Two principal authors on the law on evidence have sustained the theory of the admissibility of duplicate originals, as follows:

SEC. 386. . . . the best evidence rule is that rule which requires the highest grade of evidence obtainable to prove a disputed fact. p. 616. A "duplicate sales slip" (People vs. Stone, 349 III.
52, 181 N. E. 648) has been held to be primary evidence, p. 616.

SEC. 420. Duplicate originals. — Where letters are produced by mechanical means and, concurrently with the original, duplicate are produced, as by placing carbon paper and writing on
the exposed surface at the same time, all are duplicate originals, and any one of them may introduced in evidence without accounting for the nonproduction of the other. Citing
International Harvester Co. vs. Elfstrom, 101 Minn. 263, 112 N. W. 252. See also 12 L.R.A.(N.S.) 343, People of Hauke, 335 II, 217, 167 N. E. 1; State vs. Keife, 165 La. 47, 115 So. 363;
Taylor vs. Com. 117 Va. 909, 85 S.E. 499. (Wharton's Criminal Evidence, Vol. I, p. 661).

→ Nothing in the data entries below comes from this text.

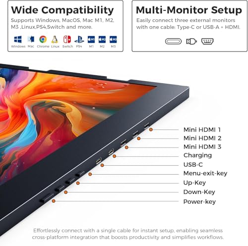 - إعداد التوصيل والتشغيل بكابل واحد - سهل وفعال: قم بتبسيط إعدادك باستخدام كيبل USB نوع C أو USB-A واحد فقط يعمل ويربط جميع الشاشات الثلاث أو الأربع في وقت واحد. متوافق مع ويندوز وماك او اس ومعظم أجهزة اللاب توب من 13.6 انش إلى 17.3 انش، يوفر موسع شاشة اللاب توب 3 شاشات راحة سلسة للتوصيل والتشغيل دون صداع السائق. (يتطلب منفذ USB-C أو ثاندربولت كامل الميزات للحصول على أفضل أداء.)
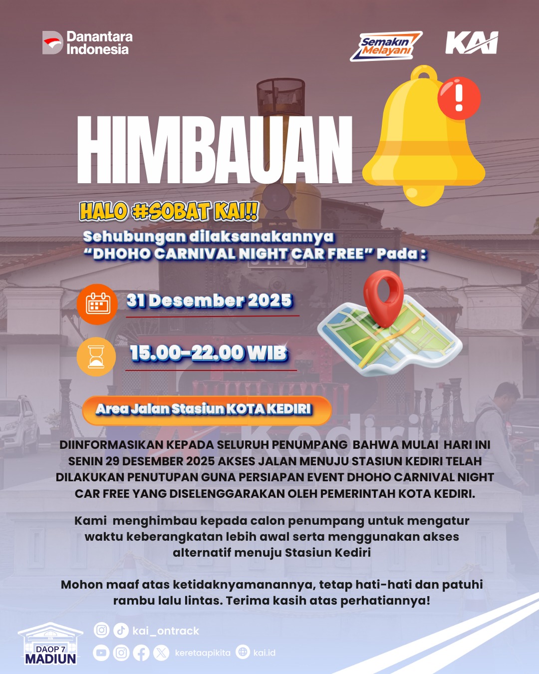 “Kami mengimbau kepada seluruh pelanggan kereta api yang akan berangkat dari Stasiun Kediri pada malam pergantian tahun agar mengatur waktu perjalanan dengan baik dan datang lebih awal ke stasiun. Hal ini penting untuk menghindari risiko tertinggal kereta akibat kemacetan lalu lintas di sekitar lokasi kegiatan masyarakat,” ujar Tohari.
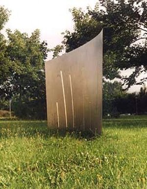 1998, Edelstahl, 175 x 300 x 50 cm Standort: Greifswald-Schönwalde, Grünzug Anklamer Straße.

SEC. 100. Carbon copies, however, when made at the same time and on the same machine as the original, are duplicate originals, and these have been held to be as much primary
evidence as the originals. Citings U.S. vs. Manton, 107 Fed. (2d) 834, denied 309 U. S. 664, 84 L. ed. 1012; O'Shea vs. U.S. 93 F. (2d) 169; Leonard vs. State, 36 Ala. App. 397, 58 So.
(2d) 138; State vs. Lee, 173 La. 770, 138 So. 662; Newman vs. State 65 Ga. App. 288, 16 S. E. (2d) 87. (Underhill's Criminal Evidence, 5th ed., Vol. I, p. 168.)

We find that the ruling of the court below to the effect that the triplicates formed by the used of carbon papers are not admissible in evidence, without accounting first for the loss of the originals is
incorrect and must be reversed. The court below is hereby ordered to proceed in the trial of the case in accordance with this ruling. No cost. So ordered.